3 minute read

I like to keep a pretty close eye on my finances, such as my spending habits and net worth. Over the years, I’ve used a lot of different tools, such as YNAB, Mint and Quicken.

These days, I really like the spreadsheet based tool Tiller (note: affiliate link). With Tiller, all of my financial data lives in a spreadsheet that I control (in Google Sheets).

The visualizations that come with Tiller are incredible (both official and community), but a huge benefit is having all of my data available as a spreadsheet. I can export the data as CSVs and then run whatever tools I want.

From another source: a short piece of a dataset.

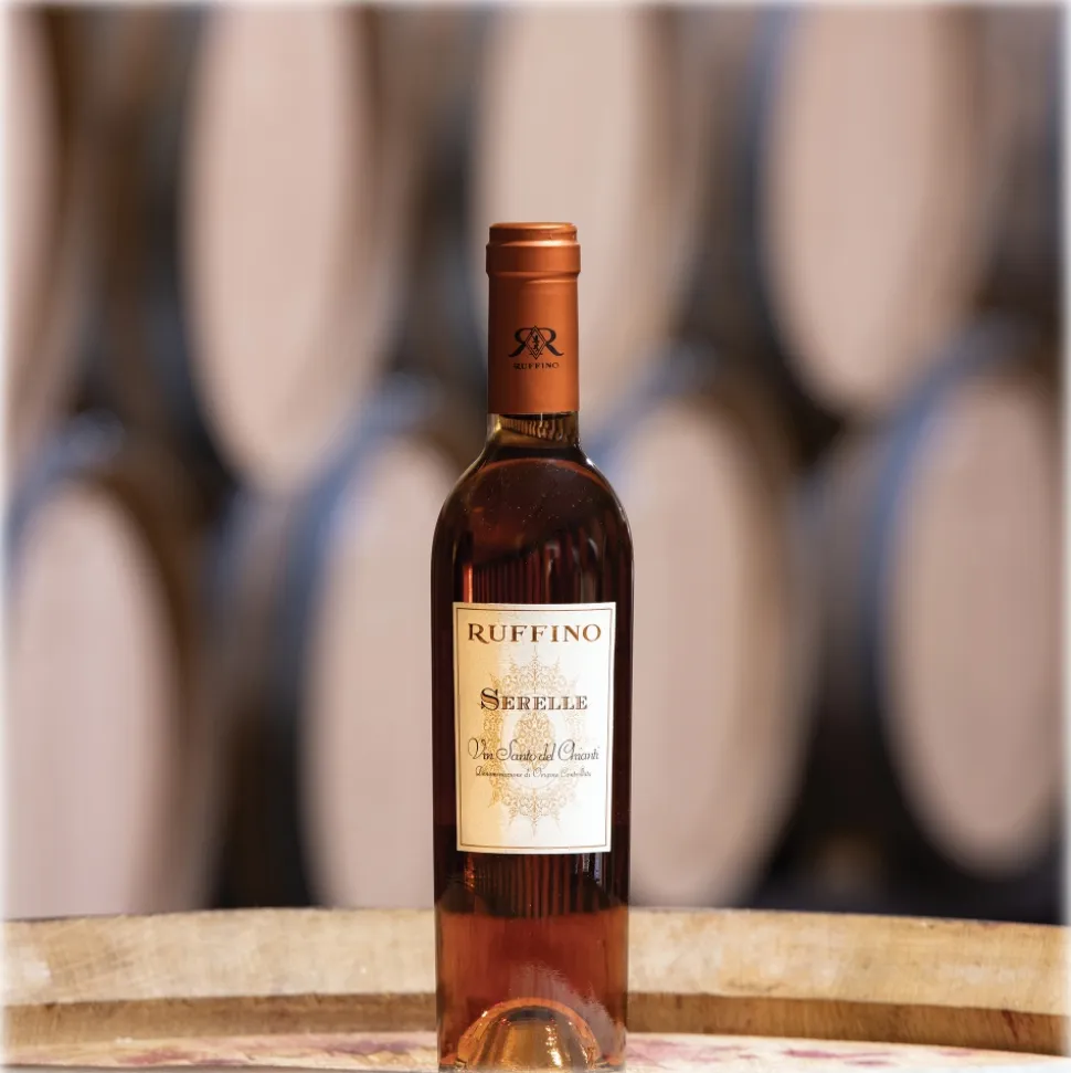 Serelle is the Vin Santo del Chianti of Ruffino, produced by drying on the trellis of Trebbiano and Malvasia in the evocative “vinsantaia” of Gretole. Although the first official mention of vinsanto in 1773, within the treaty of Cosimo Villifranchi on Tuscan wines (“Tuscan Oenology”), there is no doubt that this wine has been produced for centuries.

I also recently learned about Plotly, a great graphing library for Python. Combine that with my love of DuckDB for querying data1, and I have found new ways to visualize my financial data.

For example, below is a sunburst diagram visualizing expenses. An interactive version is available at plotly_expenses.html.

expenses sunburst

(For these examples, I’m using this sample Tiller sheet from this community post.)

In the sections below, I’ll walk through how I generated this diagram.

Querying Tiller Data with DuckDB

First, I exported the Transactions and Categories tabs from the Tiller Sheet. Transactions is a list of every ingested transaction with an assigned category. The Categories tab adds a hierarchy to the set of categories, such as Groceries and Restaurants belonging to the Food group of expenses.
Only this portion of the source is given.